*PROBLEM DETAILS*. What you return must be an exact copy of the lines in the listing below between the line holding "Number: 03**** |" and the line holding "November 07, 2012 |", inclusive, and nothing more.

*INPUT DATA*.
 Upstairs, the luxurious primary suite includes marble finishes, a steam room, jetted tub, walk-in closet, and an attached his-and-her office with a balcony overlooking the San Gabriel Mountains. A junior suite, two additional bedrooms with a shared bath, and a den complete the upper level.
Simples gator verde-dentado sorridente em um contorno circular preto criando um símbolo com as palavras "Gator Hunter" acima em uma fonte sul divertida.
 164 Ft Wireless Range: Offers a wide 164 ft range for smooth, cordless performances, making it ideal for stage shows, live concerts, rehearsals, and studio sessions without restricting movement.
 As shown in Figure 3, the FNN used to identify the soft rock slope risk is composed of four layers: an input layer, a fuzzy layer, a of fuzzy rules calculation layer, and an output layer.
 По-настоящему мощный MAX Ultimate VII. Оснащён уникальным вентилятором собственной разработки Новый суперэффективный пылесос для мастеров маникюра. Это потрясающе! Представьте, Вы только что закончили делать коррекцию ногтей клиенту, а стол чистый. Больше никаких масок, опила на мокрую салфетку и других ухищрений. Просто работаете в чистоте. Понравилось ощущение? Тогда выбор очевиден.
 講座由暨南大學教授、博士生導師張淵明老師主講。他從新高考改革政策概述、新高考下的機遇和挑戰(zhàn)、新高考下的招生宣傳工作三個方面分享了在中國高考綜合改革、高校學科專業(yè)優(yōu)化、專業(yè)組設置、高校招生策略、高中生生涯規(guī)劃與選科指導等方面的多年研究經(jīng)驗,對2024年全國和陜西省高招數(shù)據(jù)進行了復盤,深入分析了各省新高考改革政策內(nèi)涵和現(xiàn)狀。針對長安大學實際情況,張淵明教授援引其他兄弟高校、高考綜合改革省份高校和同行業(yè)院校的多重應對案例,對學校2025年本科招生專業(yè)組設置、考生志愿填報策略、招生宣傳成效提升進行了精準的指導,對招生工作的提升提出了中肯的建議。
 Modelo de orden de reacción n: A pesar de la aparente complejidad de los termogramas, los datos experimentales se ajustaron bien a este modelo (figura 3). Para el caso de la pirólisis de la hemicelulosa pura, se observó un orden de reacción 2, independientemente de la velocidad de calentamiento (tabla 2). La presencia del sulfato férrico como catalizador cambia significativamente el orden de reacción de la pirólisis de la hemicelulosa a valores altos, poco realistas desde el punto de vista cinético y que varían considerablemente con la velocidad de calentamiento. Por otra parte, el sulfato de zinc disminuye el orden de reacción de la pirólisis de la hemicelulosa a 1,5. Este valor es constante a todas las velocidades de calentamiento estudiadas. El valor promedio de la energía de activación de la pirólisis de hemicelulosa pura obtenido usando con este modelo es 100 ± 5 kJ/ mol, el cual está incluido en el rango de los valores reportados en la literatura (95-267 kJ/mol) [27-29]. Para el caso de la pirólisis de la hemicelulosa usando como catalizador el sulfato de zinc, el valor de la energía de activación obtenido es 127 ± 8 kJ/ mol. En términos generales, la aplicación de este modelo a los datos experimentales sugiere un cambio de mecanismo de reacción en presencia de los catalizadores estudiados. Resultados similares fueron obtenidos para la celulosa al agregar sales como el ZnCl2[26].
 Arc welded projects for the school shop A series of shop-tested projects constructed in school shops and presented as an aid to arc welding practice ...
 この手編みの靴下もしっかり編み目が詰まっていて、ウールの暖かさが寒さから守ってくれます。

--

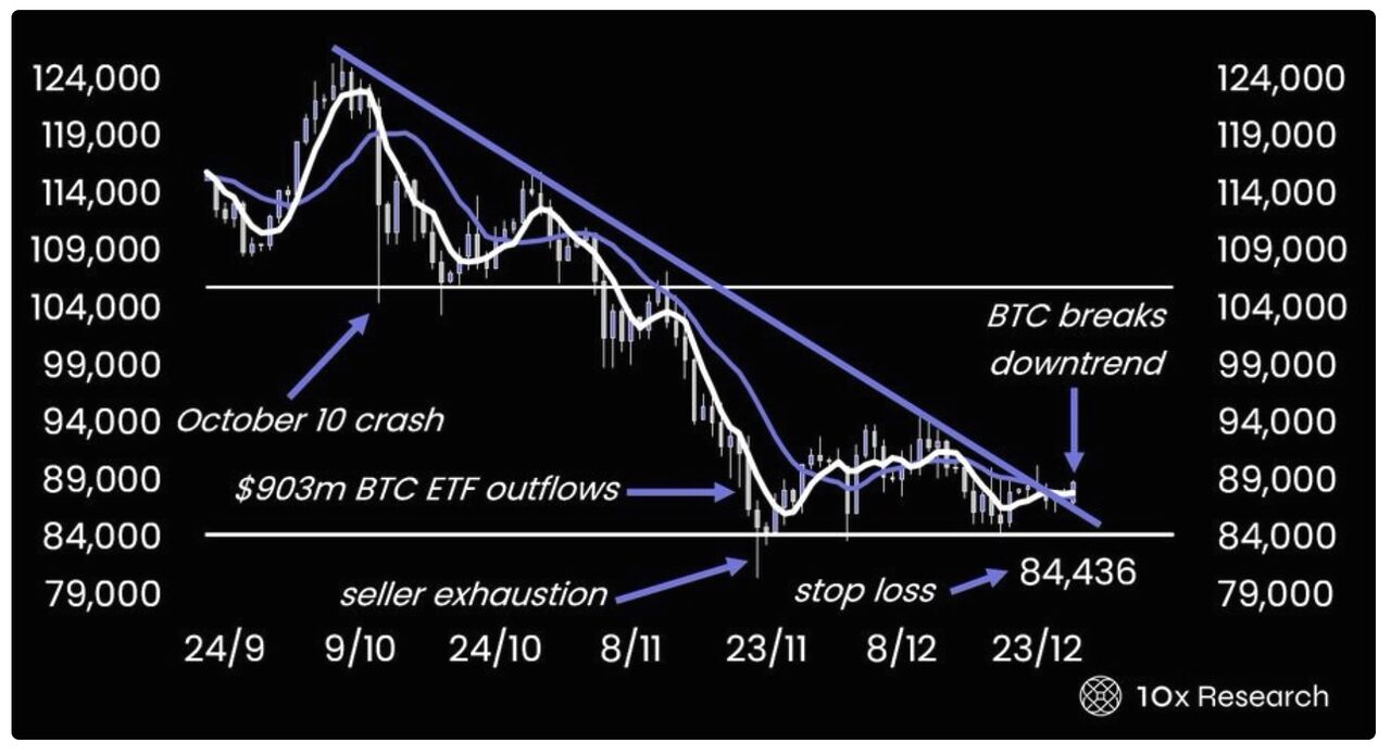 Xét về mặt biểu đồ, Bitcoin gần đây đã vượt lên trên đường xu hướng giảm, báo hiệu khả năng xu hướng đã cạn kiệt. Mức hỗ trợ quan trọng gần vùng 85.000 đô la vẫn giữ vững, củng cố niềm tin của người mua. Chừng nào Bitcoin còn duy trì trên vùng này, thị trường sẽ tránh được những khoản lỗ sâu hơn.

--

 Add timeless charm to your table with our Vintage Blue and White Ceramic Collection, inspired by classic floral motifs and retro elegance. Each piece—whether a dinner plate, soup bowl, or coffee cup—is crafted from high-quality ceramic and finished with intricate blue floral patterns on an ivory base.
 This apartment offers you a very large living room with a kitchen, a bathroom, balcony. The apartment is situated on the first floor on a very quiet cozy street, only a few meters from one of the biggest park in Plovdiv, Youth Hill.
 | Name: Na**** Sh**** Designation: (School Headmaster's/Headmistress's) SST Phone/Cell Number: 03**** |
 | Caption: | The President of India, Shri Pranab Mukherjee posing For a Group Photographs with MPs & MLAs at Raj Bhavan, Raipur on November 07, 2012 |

*WRITTEN RESPONSE*.
 | Name: Na**** Sh**** Designation: (School Headmaster's/Headmistress's) SST Phone/Cell Number: 03**** |
 | Caption: | The President of India, Shri Pranab Mukherjee posing For a Group Photographs with MPs & MLAs at Raj Bhavan, Raipur on November 07, 2012 |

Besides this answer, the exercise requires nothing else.